*** Begin section ***

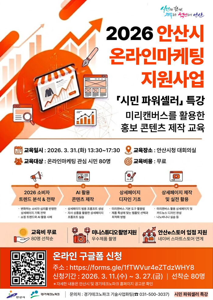 안산시가 주최하고 (재)경기테크노파크가 주관하는 이번 교육은 e비즈니스에 관심이 많은 청년 창업자와 예비 창업자, 시민 등을 대상으로 온라인 마케팅 실무역량을 높이기 위해 마련됐다.
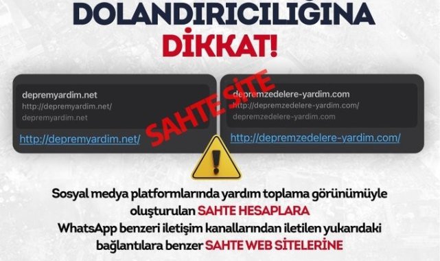 Eskişehir Siber Suçlarla Mücadele Şube Müdürlüğü, deprem felaketi sonrasında AFAD gibi resmi kurum ve kuruluşların web sayfalarını ve sosyal medya hesaplarını taklit eden 3 hesap kullanıcısını adli makamlara teslim etti. Eskişehir Siber Suçlarla Mücadele Şube Müdürlüğü, ülkemizde meydana gelen deprem felaketi sonrasında sosyal medya üzerinde AFAD gibi resmi kurum ve kuruluşların web sayfalarını ve sosyal medya hesaplarını taklit edip bağış talep ederek vatandaşları mağdur etmeye çalışan dolandırıcıların olduğunu tespit etti. 17 ilde toplam 20 hesap kullanıcısı tespit edilerek adli işlem yapılması sağlanırken, Eskişehir'de tespiti yapılan 3 hesap kullanıcısı adli makamlara gönderildi.
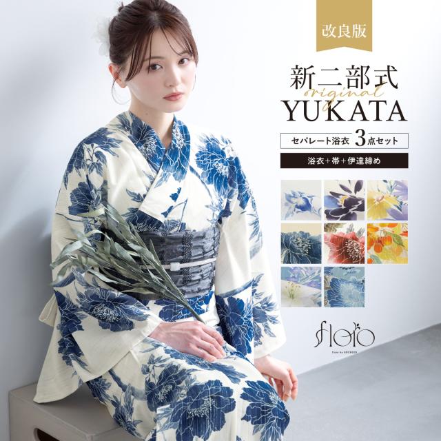 【予約】簡単着付け セパレート浴衣 レディース セット 3点セット 2026 浴衣 帯 伊達締め 浴衣セット 女性 二部式浴衣 白 赤 紺 ブルー
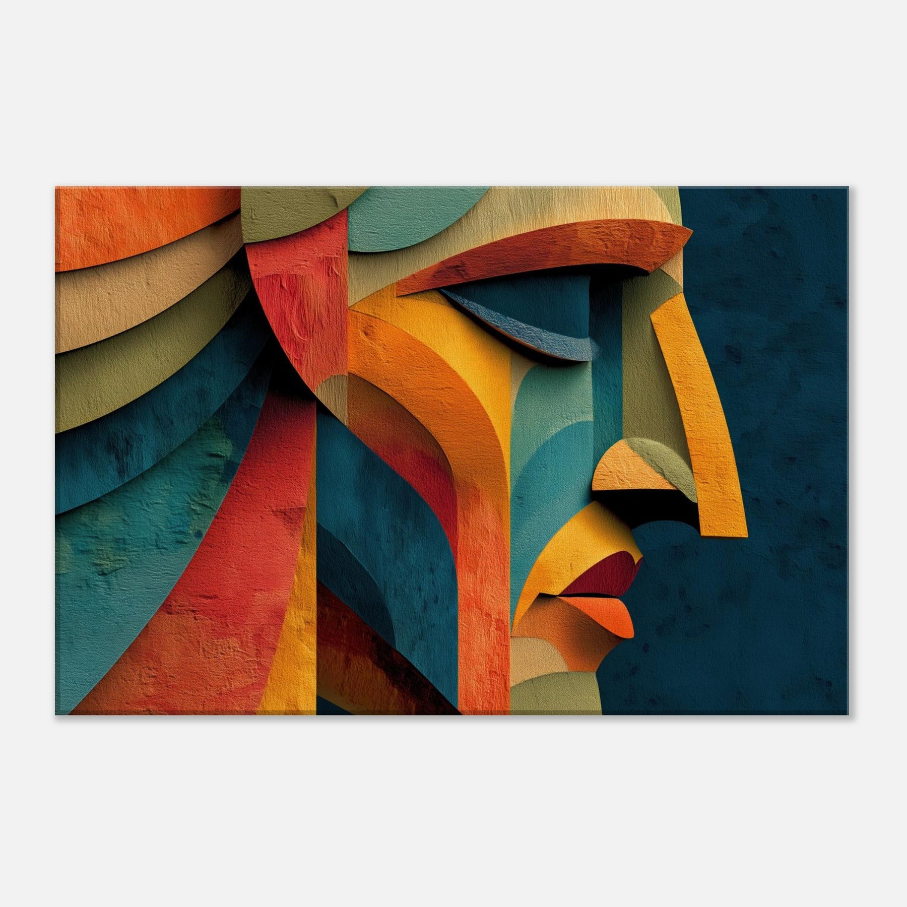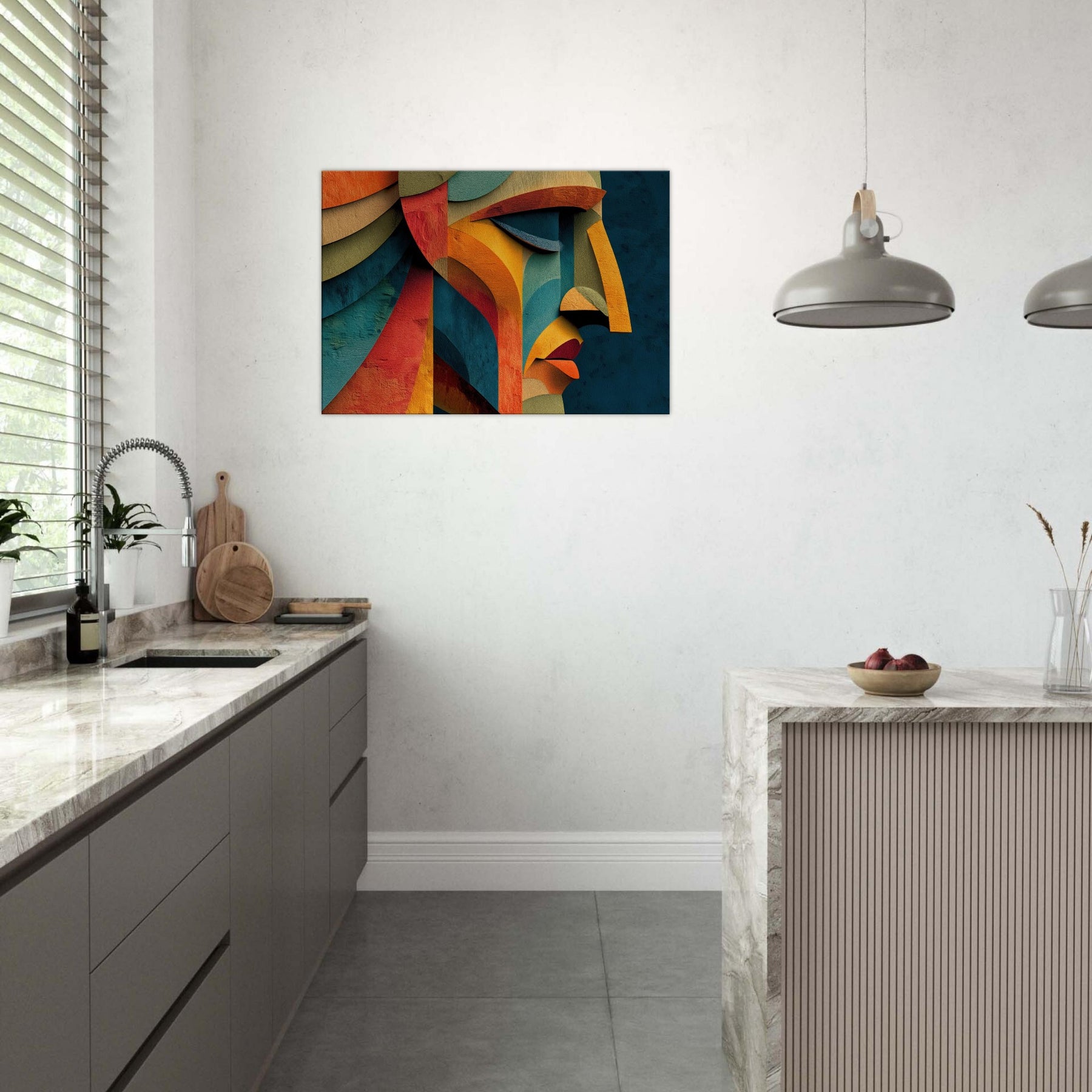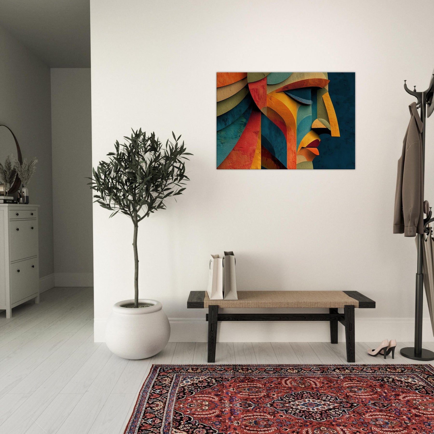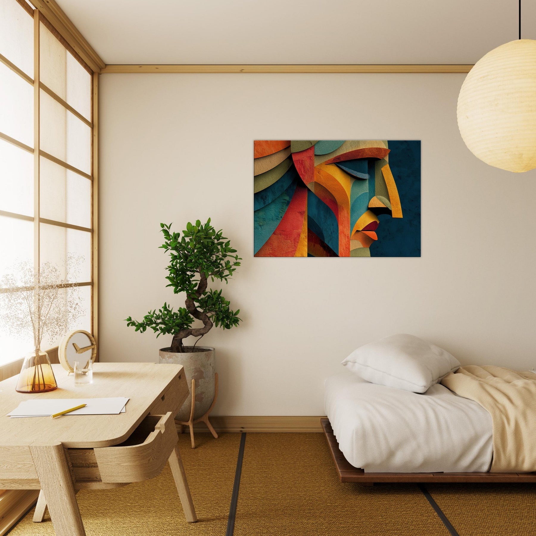 Whispers of form converge in this abstract composition, where a solitary Mask (Neutral Theater) Silhouette moves between shadow and light. The layered arcs and warm cool palette invite a slow gaze, as if a stage curtain drifts open in a quiet, floating room. This piece makes a living space feel cinematic balanced, mysterious, and alive with color memory. Hang it above a sofa or entryway to cast calm, sculptural shadows; it sharpens conversation and becomes a soft, poetic focal point in any modern interior.
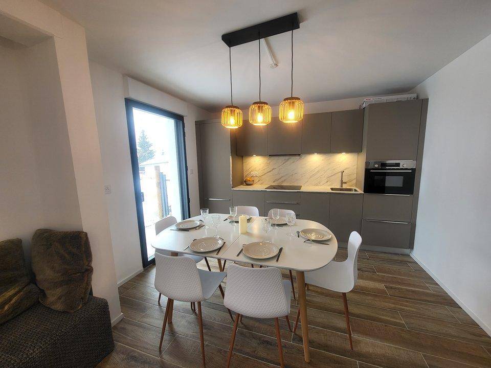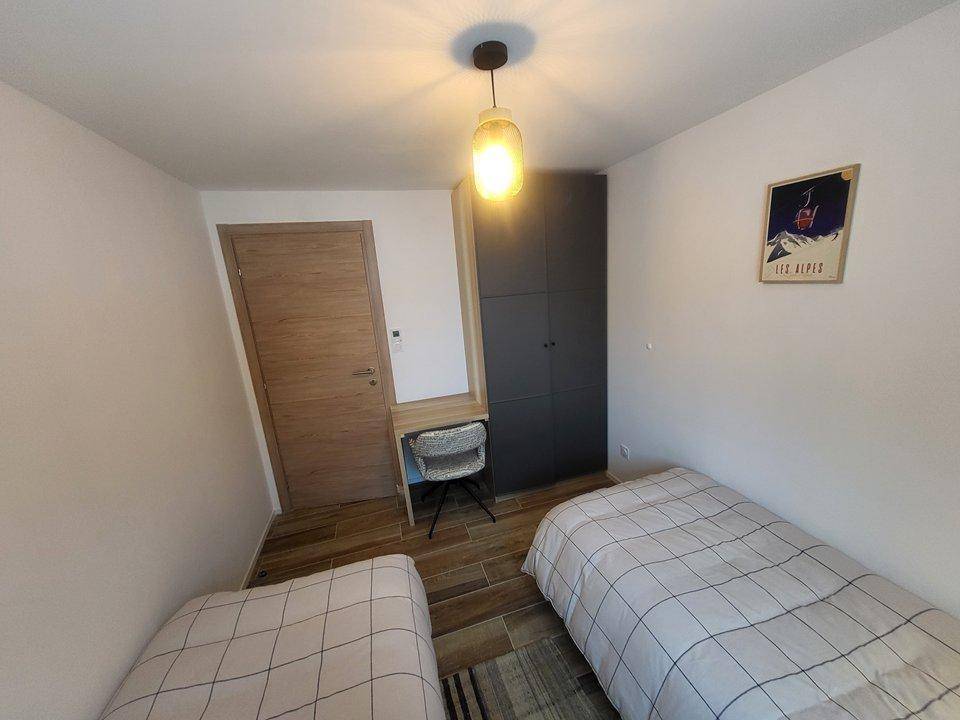 Rund um das Resort sind zahlreiche Wanderwege möglich. Fläche von ungefähr 59 m². Orientierung : Süd. Wohnzimmer mit BZ-Sofas. Schlafzimmer mit Doppelbett (160). Schlafzimmer mit 2 Einzelbetten. Küche mit Wasserkocher, Kaffeemaschine (Nespresso), Multifunktions-Backofen, Toaster, Geschirrspülmaschine, 2 Induktionsherdplatten, Kühlschrank. Waschräume mit italienische Duschkabine, Handtuchtrockner. separates WC. Terrasse. Waschmaschine.

*** End section ***

• [Task requirements]:
Please retype the whole of the data precisely, omitting pictures.

• [Written response]:
 안산시가 주최하고 (재)경기테크노파크가 주관하는 이번 교육은 e비즈니스에 관심이 많은 청년 창업자와 예비 창업자, 시민 등을 대상으로 온라인 마케팅 실무역량을 높이기 위해 마련됐다.
 Eskişehir Siber Suçlarla Mücadele Şube Müdürlüğü, deprem felaketi sonrasında AFAD gibi resmi kurum ve kuruluşların web sayfalarını ve sosyal medya hesaplarını taklit eden 3 hesap kullanıcısını adli makamlara teslim etti. Eskişehir Siber Suçlarla Mücadele Şube Müdürlüğü, ülkemizde meydana gelen deprem felaketi sonrasında sosyal medya üzerinde AFAD gibi resmi kurum ve kuruluşların web sayfalarını ve sosyal medya hesaplarını taklit edip bağış talep ederek vatandaşları mağdur etmeye çalışan dolandırıcıların olduğunu tespit etti. 17 ilde toplam 20 hesap kullanıcısı tespit edilerek adli işlem yapılması sağlanırken, Eskişehir'de tespiti yapılan 3 hesap kullanıcısı adli makamlara gönderildi.
 【予約】簡単着付け セパレート浴衣 レディース セット 3点セット 2026 浴衣 帯 伊達締め 浴衣セット 女性 二部式浴衣 白 赤 紺 ブルー
 Whispers of form converge in this abstract composition, where a solitary Mask (Neutral Theater) Silhouette moves between shadow and light. The layered arcs and warm cool palette invite a slow gaze, as if a stage curtain drifts open in a quiet, floating room. This piece makes a living space feel cinematic balanced, mysterious, and alive with color memory. Hang it above a sofa or entryway to cast calm, sculptural shadows; it sharpens conversation and becomes a soft, poetic focal point in any modern interior.
 Rund um das Resort sind zahlreiche Wanderwege möglich. Fläche von ungefähr 59 m². Orientierung : Süd. Wohnzimmer mit BZ-Sofas. Schlafzimmer mit Doppelbett (160). Schlafzimmer mit 2 Einzelbetten. Küche mit Wasserkocher, Kaffeemaschine (Nespresso), Multifunktions-Backofen, Toaster, Geschirrspülmaschine, 2 Induktionsherdplatten, Kühlschrank. Waschräume mit italienische Duschkabine, Handtuchtrockner. separates WC. Terrasse. Waschmaschine.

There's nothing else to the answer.